The difficulty in solving problems like this – analytically or computationally – is that the problem complexity grows exponentially with the size of the system. For example, there are 36 possible configurations of two six-faced dice (1 and 1 or 1 and 2 or 1and 3... etc), while for ten dice there are more than sixty million configurations.
Quantum computing may be very well-suited to tackling problems like this, due to a quantum processor’s similar information density scaling – with the addition of a single qubit to a QPU, the information the system contains doubles. Our 56-qubit System Model H2, for example, can hold quantum states that require 128*(2^56) bits worth of information to describe (with double-precision numbers) on a classical supercomputer, which is more information than the biggest supercomputer in the world can hold in memory.
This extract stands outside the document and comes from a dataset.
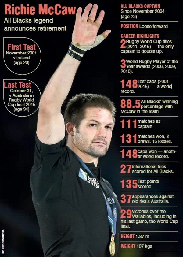Almost three weeks after New Zealand won a second successive World Cup with McCaw at the helm, the 34-year-oldâs retirement might have been widely expected, yet it still leaves a feeling of sadness that he will no longer grace a game he has transcended for so long.

The joint team made significant progress in approaching the Lattice Gauge Theory corresponding to Quantum Electrodynamics, the theory of light and matter. For the first time, they were able study the full wavefunction of a two-dimensional confining system with gauge fields and dynamical matter fields on a quantum processor. They were also able to visualize the confining string and the string-breaking phenomenon at the level of the wavefunction, across a range of interaction strengths.
The team approached the problem starting with the definition of the Hamiltonian using the InQuanto software package, and utilized the reusable protocols of InQuanto to compute both projective measurements and expectation values. InQuanto allowed the easy integration of measurement reduction techniques and scalable error mitigation techniques. Moreover, the emulator and hardware experiments were orchestrated by the Nexus online platform.
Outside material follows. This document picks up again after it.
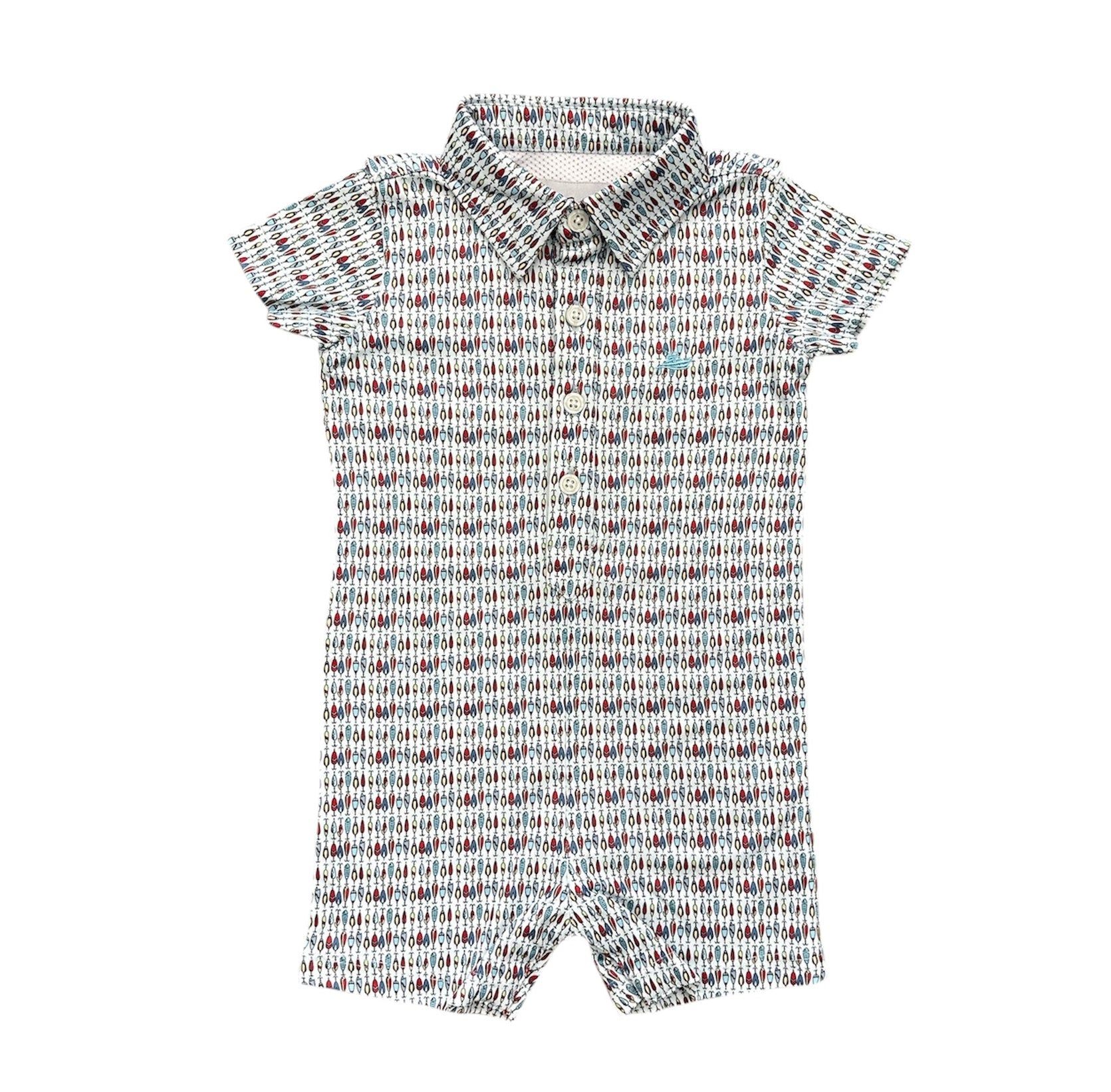 Adorable baby boys romper featuring a charming fishing lures design perfect for little anglers in training. Crafted with soft, comfortable fabric, this polo-style romper keeps your baby looking dapper while staying cozy. Convenient snap closures at the crotch make diaper changes quick and easy. Ideal for casual playdates, family outings, or photo-worthy moments. A delightful choice for parents who love outdoor-inspired style.

In one section of the study, a circuit with 24 qubits and more than 250 two-qubit gates was reduced to a smaller width of 15 qubits thanks our unique qubit re-use and mid-circuit measurement automatic compilation implemented in TKET.
This work paves the way towards using quantum computers to study lattice gauge theories in higher dimensions, with the goal of one day simulating the full three-dimensional Quantum Chromodynamics theory underlying the nuclear sector of the Standard Model of particle physics. Being able to simulate full 3D quantum chromodynamics will undoubtedly unlock many of Nature’s mysteries, from the Big Bang to the interior of neutron stars, and is likely to lead to applications we haven’t yet dreamed of.